**Data for analysis**
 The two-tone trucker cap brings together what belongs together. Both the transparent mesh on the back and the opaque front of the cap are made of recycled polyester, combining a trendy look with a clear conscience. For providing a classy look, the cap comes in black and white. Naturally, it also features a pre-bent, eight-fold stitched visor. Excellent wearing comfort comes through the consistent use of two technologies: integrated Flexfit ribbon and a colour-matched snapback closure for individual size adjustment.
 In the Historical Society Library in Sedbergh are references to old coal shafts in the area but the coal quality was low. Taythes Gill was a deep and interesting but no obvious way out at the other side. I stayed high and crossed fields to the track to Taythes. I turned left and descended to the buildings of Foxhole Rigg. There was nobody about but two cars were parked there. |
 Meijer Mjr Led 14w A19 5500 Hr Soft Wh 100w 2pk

...

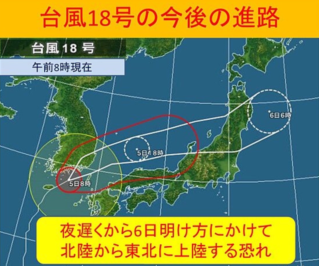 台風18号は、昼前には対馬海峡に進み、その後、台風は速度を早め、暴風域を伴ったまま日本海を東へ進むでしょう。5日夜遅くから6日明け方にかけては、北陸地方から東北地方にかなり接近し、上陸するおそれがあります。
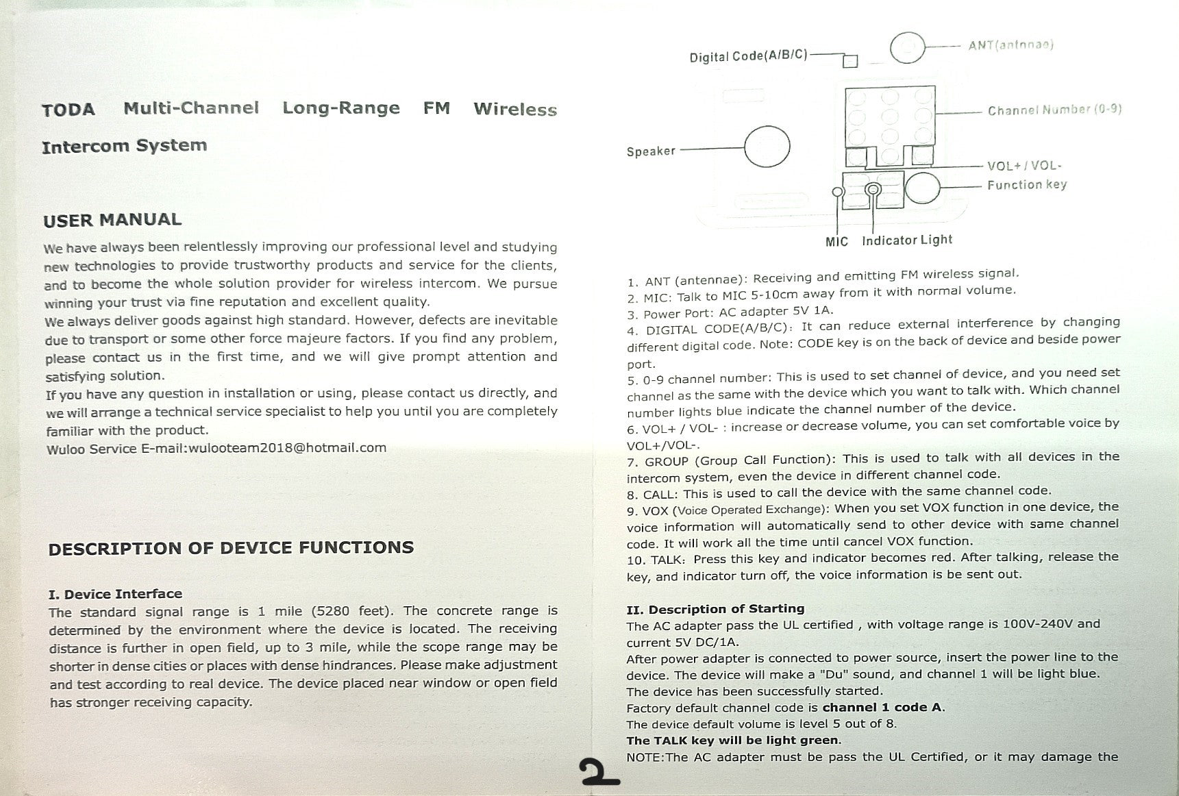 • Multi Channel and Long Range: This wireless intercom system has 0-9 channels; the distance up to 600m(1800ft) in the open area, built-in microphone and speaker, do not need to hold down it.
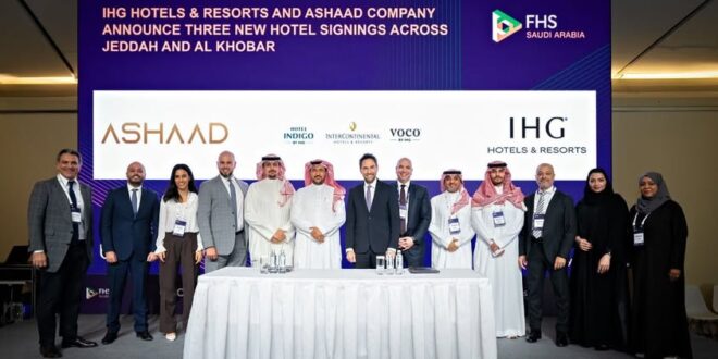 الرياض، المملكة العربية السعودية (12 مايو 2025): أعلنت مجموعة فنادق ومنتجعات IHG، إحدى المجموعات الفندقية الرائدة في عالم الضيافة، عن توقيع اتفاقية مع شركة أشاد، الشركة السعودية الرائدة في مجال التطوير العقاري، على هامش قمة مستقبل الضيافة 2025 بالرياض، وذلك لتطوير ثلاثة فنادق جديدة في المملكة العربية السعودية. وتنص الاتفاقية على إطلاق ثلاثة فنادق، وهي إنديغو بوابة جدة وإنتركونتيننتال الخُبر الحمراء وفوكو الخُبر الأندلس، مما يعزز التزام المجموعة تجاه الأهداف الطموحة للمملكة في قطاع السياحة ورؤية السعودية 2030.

**Assignment**
What are the lines, exactly as written above, from the line with "In the Historical" to the line with "Meijer Mjr Led", both included? Output only those.

**Task solution**
 In the Historical Society Library in Sedbergh are references to old coal shafts in the area but the coal quality was low. Taythes Gill was a deep and interesting but no obvious way out at the other side. I stayed high and crossed fields to the track to Taythes. I turned left and descended to the buildings of Foxhole Rigg. There was nobody about but two cars were parked there. |
 Meijer Mjr Led 14w A19 5500 Hr Soft Wh 100w 2pk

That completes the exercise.